The task
In the listing below, start your output at the line with "Organotechnie fait 70" and end it after the line with "La culture cellulaire", copying every line exactly.

Data supplied
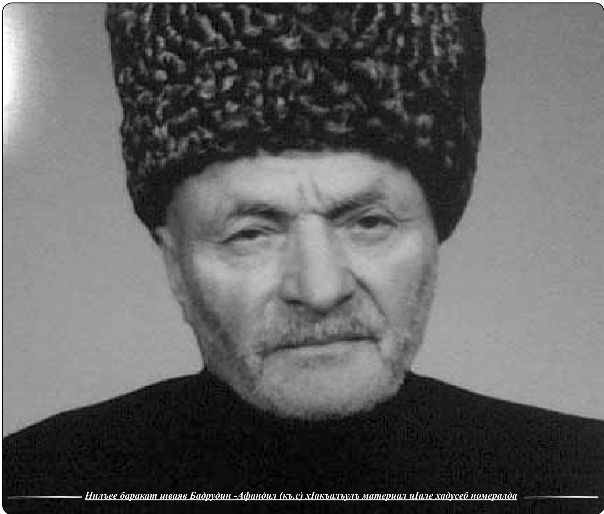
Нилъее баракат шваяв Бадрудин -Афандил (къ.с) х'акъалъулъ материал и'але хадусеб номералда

--

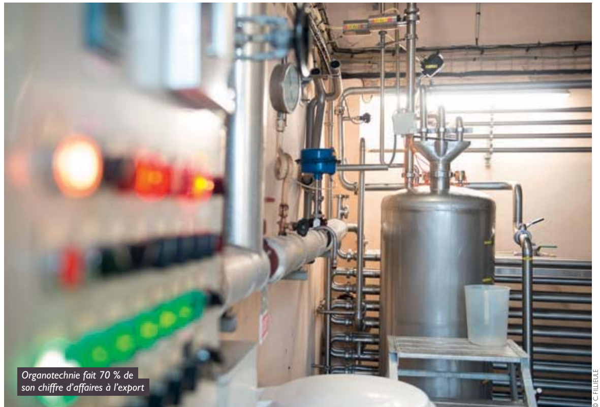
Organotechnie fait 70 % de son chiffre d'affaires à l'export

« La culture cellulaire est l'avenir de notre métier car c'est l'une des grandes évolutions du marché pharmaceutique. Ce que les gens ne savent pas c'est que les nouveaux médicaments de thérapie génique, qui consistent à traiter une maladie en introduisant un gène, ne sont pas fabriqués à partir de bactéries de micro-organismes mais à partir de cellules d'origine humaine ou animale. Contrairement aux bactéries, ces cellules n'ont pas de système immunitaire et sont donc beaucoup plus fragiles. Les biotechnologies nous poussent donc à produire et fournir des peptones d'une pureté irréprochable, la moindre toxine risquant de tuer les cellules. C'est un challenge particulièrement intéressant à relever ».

Answer space
Organotechnie fait 70 % de son chiffre d'affaires à l'export

« La culture cellulaire est l'avenir de notre métier car c'est l'une des grandes évolutions du marché pharmaceutique. Ce que les gens ne savent pas c'est que les nouveaux médicaments de thérapie génique, qui consistent à traiter une maladie en introduisant un gène, ne sont pas fabriqués à partir de bactéries de micro-organismes mais à partir de cellules d'origine humaine ou animale. Contrairement aux bactéries, ces cellules n'ont pas de système immunitaire et sont donc beaucoup plus fragiles. Les biotechnologies nous poussent donc à produire et fournir des peptones d'une pureté irréprochable, la moindre toxine risquant de tuer les cellules. C'est un challenge particulièrement intéressant à relever ».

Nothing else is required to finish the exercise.